Below we have the alternative REDC algorithm inline asm C function, which comes close to our ideal. Note that it uses the positive inverse as a parameter, whereas the traditional algorithm uses the negative inverse as a parameter. The function consists of a relatively straightforward translation of the alternate algorithm into inline asm, and thus it’s fairly easy to understand. It can be implemented with standard C code (given below) almost as effectively as with inline asm; clang produces close to optimal assembly from the standard C version of it (other major compilers produce assembly that is acceptable but not as good). For x86_64, it provides us with the best performance we’ve seen, with both lowest latency and fewest used instructions/uops/registers.
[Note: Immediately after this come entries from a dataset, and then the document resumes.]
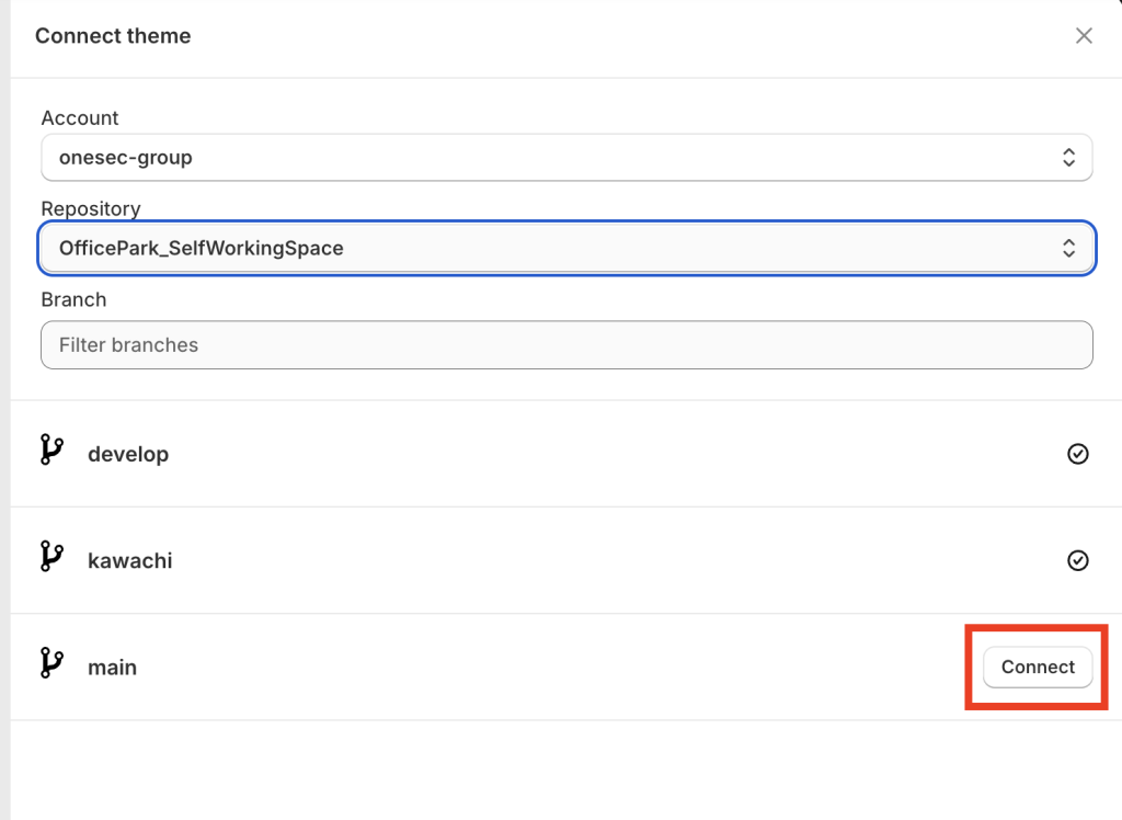 ・先ほど作成したリポジトリを選択して、連携するブランチの「connect」ボタンをクリック。
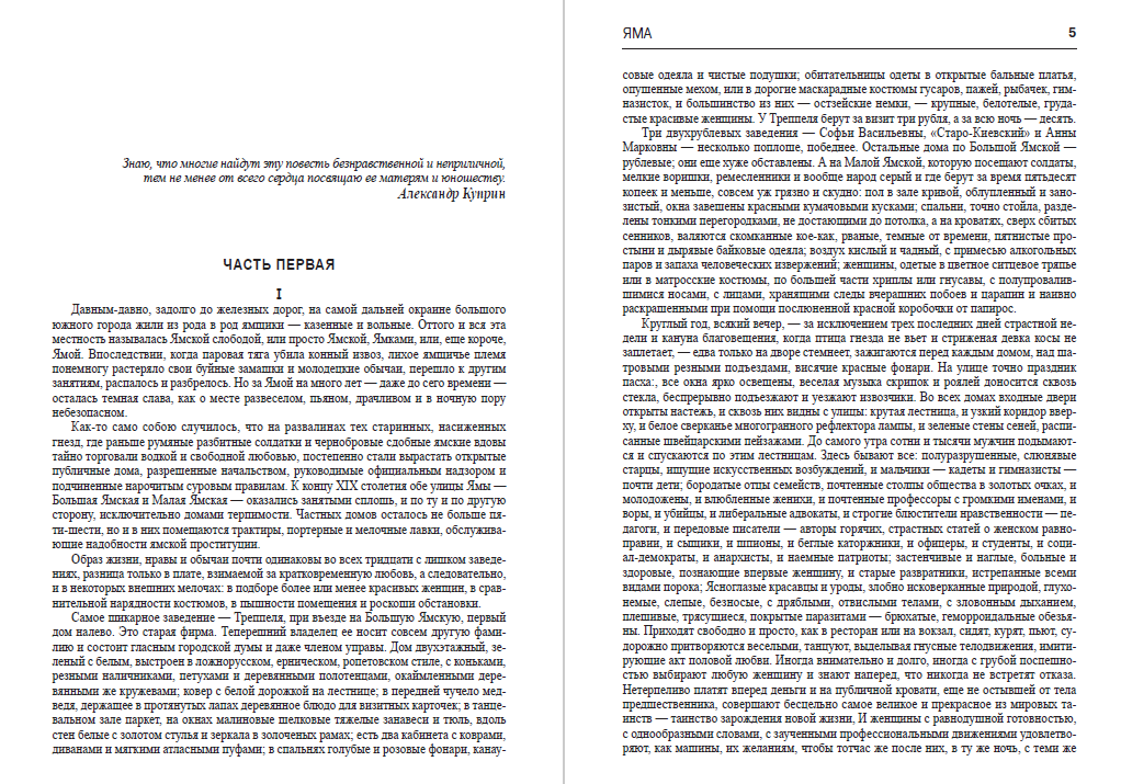 «Яма» – самое скандальное произведение гениального рассказчика Александра Куприна. Автор решил без прикрас показать жизнь бесправных и несчастных существ – девушек легкого поведения небольшого города в Ямской слободе. Их беспросветное существование и безвыходность заставляют задуматься о причинах, породивших это явление в обществе.
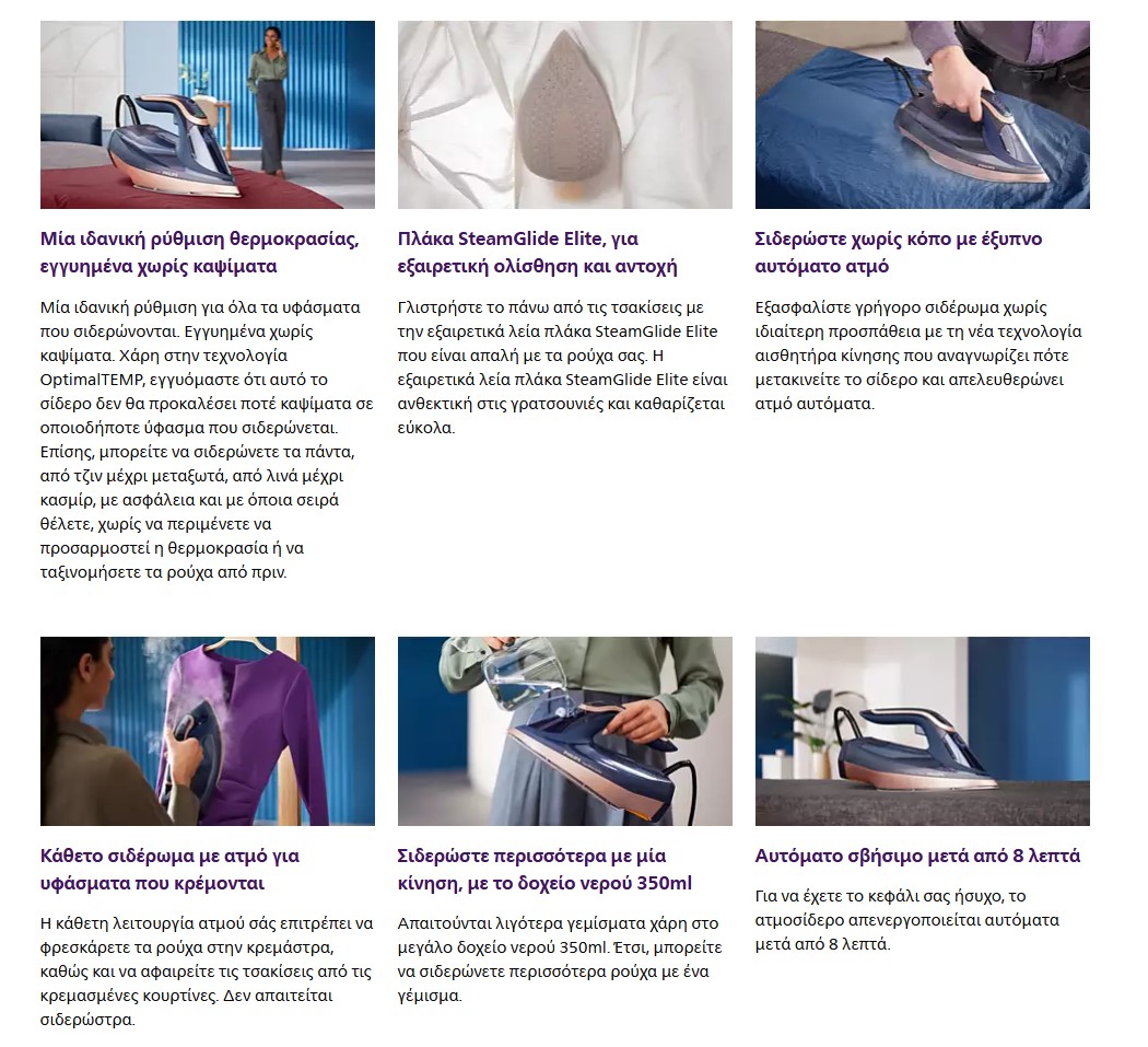Με ισχύ 3000 Watt, συνεχόμενη παροχή ατμού 85 gr/min και πλάκα SteamGlide Elite.

I would expect the alternate REDC to provide similar benefits for ARM and other architectures.

// On Intel Skylake: 9 cycles latency, 7 fused uops.
inline uint64_t REDC_alternative(uint64_t T_hi,
                                 uint64_t T_lo,
                                 uint64_t N,
                                 uint64_t invN)
{
   assert(N % 2 == 1); // REDC requires odd modulus
   assert(T_hi < N);   // REDC requires T < NR, and this enforces it.
   uint64_t rrax = T_lo;
   uint64_t Thi = T_hi;
   __asm__ (
      "imulq %[inv], %%rax \n\t"        /* m = T_lo * invN */
      "mulq %[N] \n\t"                  /* mN = m * N */
      "leaq (%[Thi], %[N]), %%rax \n\t" /* rax = T_hi + N */
      "subq %%rdx, %%rax \n\t"          /* rax = rax - mN_hi */
      "subq %%rdx, %[Thi] \n\t"         /* t_hi = T_hi - mN_hi */
      "cmovbq %%rax, %[Thi] \n\t"       /* t_hi = (T_hi<mN_hi) ? rax : t_hi */
      : [Thi]"+&bcSD"(Thi), "+&a"(rrax)
      : [N]"r"(N), [inv]"r"(invN)
      : "rdx", "cc");
   uint64_t result = Thi;
   assert(result < N);
   return result;
}

Alternative REDC (Positive Inverse), Inline-Asm

For convenience, here is the alternative REDC with no inline-asm and just standard C (with the exception of the __uint128_t compiler extension):

inline uint64_t REDC_alternative_no_asm(uint64_t T_hi,
                                        uint64_t T_lo,
                                        uint64_t N,
                                        uint64_t invN)
{
   assert(N % 2 == 1); // REDC requires odd modulus
   assert(T_hi < N);   // REDC requires T < NR, and this enforces it.
   uint64_t m = T_lo * invN;
   __uint128_t mN = (__uint128_t)m * N;
   uint64_t mN_hi = (uint64_t)(mN >> 64);
   uint64_t tmp = T_hi + N;
   tmp = tmp - mN_hi;
   uint64_t result = T_hi - mN_hi;
   result = (T_hi < mN_hi) ? tmp : result;
   assert(result < N);
   return result;
}

Alternative REDC (Positive Inverse), No Inline-Asm

Permission is hereby granted, free of charge, to any person obtaining a copy of this software and associated documentation files (the “Software”), to deal in the Software without restriction, including without limitation the rights to use, copy, modify, merge, publish, distribute, sublicense, and/or sell copies of the Software, and to permit persons to whom the Software is furnished to do so, subject to the following conditions:

The above copyright notice and this permission notice shall be included in all copies or substantial portions of the Software.

THE SOFTWARE IS PROVIDED “AS IS”, WITHOUT WARRANTY OF ANY KIND, EXPRESS OR IMPLIED, INCLUDING BUT NOT LIMITED TO THE WARRANTIES OF MERCHANTABILITY, FITNESS FOR A PARTICULAR PURPOSE AND NONINFRINGEMENT. IN NO EVENT SHALL THE AUTHORS OR COPYRIGHT HOLDERS BE LIABLE FOR ANY CLAIM, DAMAGES OR OTHER LIABILITY, WHETHER IN AN ACTION OF CONTRACT, TORT OR OTHERWISE, ARISING FROM, OUT OF OR IN CONNECTION WITH THE SOFTWARE OR THE USE OR OTHER DEALINGS IN THE SOFTWARE.